*ASSIGNED TASK*.
Set down exactly the lines below, starting at the one that contains "A disputa judicial" and ending at the one that contains "Una monada de", with both of those lines included and nothing else.

*ENTRIES SHOWN*.
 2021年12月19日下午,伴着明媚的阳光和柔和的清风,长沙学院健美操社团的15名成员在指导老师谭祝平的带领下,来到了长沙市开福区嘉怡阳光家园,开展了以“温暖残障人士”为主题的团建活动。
---
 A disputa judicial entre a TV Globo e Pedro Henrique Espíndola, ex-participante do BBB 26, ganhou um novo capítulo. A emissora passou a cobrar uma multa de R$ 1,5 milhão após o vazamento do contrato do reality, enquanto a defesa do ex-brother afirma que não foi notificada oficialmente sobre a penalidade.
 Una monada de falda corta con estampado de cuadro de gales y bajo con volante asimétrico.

*RESPONSE BELOW*.
 A disputa judicial entre a TV Globo e Pedro Henrique Espíndola, ex-participante do BBB 26, ganhou um novo capítulo. A emissora passou a cobrar uma multa de R$ 1,5 milhão após o vazamento do contrato do reality, enquanto a defesa do ex-brother afirma que não foi notificada oficialmente sobre a penalidade.
 Una monada de falda corta con estampado de cuadro de gales y bajo con volante asimétrico.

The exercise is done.